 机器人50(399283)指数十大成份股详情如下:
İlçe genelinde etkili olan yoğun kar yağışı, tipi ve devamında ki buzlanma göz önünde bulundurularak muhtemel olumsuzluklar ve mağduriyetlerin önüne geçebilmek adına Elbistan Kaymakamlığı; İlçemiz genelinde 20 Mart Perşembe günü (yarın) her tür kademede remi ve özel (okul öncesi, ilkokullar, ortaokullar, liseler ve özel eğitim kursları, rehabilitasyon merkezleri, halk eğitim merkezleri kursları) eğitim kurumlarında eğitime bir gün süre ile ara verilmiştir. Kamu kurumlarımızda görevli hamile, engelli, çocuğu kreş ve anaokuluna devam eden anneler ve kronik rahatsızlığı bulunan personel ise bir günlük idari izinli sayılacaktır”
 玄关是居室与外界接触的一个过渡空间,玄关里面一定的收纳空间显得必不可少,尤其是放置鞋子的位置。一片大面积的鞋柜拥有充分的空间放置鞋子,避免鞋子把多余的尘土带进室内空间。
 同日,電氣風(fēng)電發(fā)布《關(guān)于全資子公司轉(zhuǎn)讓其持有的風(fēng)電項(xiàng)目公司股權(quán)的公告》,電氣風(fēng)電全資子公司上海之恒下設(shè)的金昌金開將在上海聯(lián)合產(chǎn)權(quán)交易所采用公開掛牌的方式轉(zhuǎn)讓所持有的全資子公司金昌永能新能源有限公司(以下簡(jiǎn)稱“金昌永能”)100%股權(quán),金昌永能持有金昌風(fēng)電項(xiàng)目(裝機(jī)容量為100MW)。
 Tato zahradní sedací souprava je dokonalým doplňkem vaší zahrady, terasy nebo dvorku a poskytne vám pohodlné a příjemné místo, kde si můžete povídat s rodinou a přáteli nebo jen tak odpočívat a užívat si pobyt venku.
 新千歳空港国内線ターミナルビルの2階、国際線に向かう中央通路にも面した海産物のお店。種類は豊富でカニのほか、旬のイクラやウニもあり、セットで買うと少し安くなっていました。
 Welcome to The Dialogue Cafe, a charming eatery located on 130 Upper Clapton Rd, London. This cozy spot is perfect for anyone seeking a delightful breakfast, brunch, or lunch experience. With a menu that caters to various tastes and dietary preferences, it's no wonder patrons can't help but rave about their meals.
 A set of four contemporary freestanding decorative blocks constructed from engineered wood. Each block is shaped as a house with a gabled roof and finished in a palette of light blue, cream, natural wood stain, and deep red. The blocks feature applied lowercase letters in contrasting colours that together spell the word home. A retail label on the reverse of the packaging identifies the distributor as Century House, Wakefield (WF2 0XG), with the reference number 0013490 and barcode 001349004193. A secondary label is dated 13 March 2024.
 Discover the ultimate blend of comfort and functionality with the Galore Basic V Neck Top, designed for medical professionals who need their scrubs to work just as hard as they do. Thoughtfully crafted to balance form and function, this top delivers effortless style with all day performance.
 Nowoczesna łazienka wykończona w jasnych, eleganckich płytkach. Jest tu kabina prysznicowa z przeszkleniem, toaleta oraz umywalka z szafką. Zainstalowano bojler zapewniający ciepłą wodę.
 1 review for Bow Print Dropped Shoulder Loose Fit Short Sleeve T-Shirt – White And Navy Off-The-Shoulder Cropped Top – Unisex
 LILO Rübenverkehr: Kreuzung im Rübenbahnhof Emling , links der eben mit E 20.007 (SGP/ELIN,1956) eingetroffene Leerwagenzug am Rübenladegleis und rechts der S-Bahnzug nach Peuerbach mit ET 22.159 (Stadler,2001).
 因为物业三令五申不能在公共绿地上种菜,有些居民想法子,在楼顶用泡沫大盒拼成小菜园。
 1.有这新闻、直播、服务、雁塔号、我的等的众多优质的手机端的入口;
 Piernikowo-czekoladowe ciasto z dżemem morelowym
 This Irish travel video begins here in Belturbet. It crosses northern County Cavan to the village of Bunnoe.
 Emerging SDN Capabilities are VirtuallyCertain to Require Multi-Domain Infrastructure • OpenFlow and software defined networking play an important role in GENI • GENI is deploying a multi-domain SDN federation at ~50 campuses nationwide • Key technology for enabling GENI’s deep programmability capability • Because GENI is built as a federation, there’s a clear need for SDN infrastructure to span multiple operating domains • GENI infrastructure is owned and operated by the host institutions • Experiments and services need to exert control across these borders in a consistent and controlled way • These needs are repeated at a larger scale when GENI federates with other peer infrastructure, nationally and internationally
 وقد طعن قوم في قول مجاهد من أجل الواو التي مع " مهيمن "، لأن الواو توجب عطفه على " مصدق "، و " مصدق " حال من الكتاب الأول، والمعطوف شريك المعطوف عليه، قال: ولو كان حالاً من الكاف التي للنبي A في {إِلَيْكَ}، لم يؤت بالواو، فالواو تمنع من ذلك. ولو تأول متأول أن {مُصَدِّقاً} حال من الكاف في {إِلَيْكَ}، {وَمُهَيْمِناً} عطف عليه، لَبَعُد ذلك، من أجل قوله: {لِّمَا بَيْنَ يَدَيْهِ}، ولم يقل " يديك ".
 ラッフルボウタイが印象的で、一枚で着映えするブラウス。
◆ ◆ ◆ ◆
The answer must be the lines from the one containing "1.有这新闻、直播、服务、雁塔号、我的等的众多优质的手机端的入口;" through the last line of the records, copied exactly, with nothing else.

 1.有这新闻、直播、服务、雁塔号、我的等的众多优质的手机端的入口;
 Piernikowo-czekoladowe ciasto z dżemem morelowym
 This Irish travel video begins here in Belturbet. It crosses northern County Cavan to the village of Bunnoe.
 Emerging SDN Capabilities are VirtuallyCertain to Require Multi-Domain Infrastructure • OpenFlow and software defined networking play an important role in GENI • GENI is deploying a multi-domain SDN federation at ~50 campuses nationwide • Key technology for enabling GENI’s deep programmability capability • Because GENI is built as a federation, there’s a clear need for SDN infrastructure to span multiple operating domains • GENI infrastructure is owned and operated by the host institutions • Experiments and services need to exert control across these borders in a consistent and controlled way • These needs are repeated at a larger scale when GENI federates with other peer infrastructure, nationally and internationally
 وقد طعن قوم في قول مجاهد من أجل الواو التي مع " مهيمن "، لأن الواو توجب عطفه على " مصدق "، و " مصدق " حال من الكتاب الأول، والمعطوف شريك المعطوف عليه، قال: ولو كان حالاً من الكاف التي للنبي A في {إِلَيْكَ}، لم يؤت بالواو، فالواو تمنع من ذلك. ولو تأول متأول أن {مُصَدِّقاً} حال من الكاف في {إِلَيْكَ}، {وَمُهَيْمِناً} عطف عليه، لَبَعُد ذلك، من أجل قوله: {لِّمَا بَيْنَ يَدَيْهِ}، ولم يقل " يديك ".
 ラッフルボウタイが印象的で、一枚で着映えするブラウス。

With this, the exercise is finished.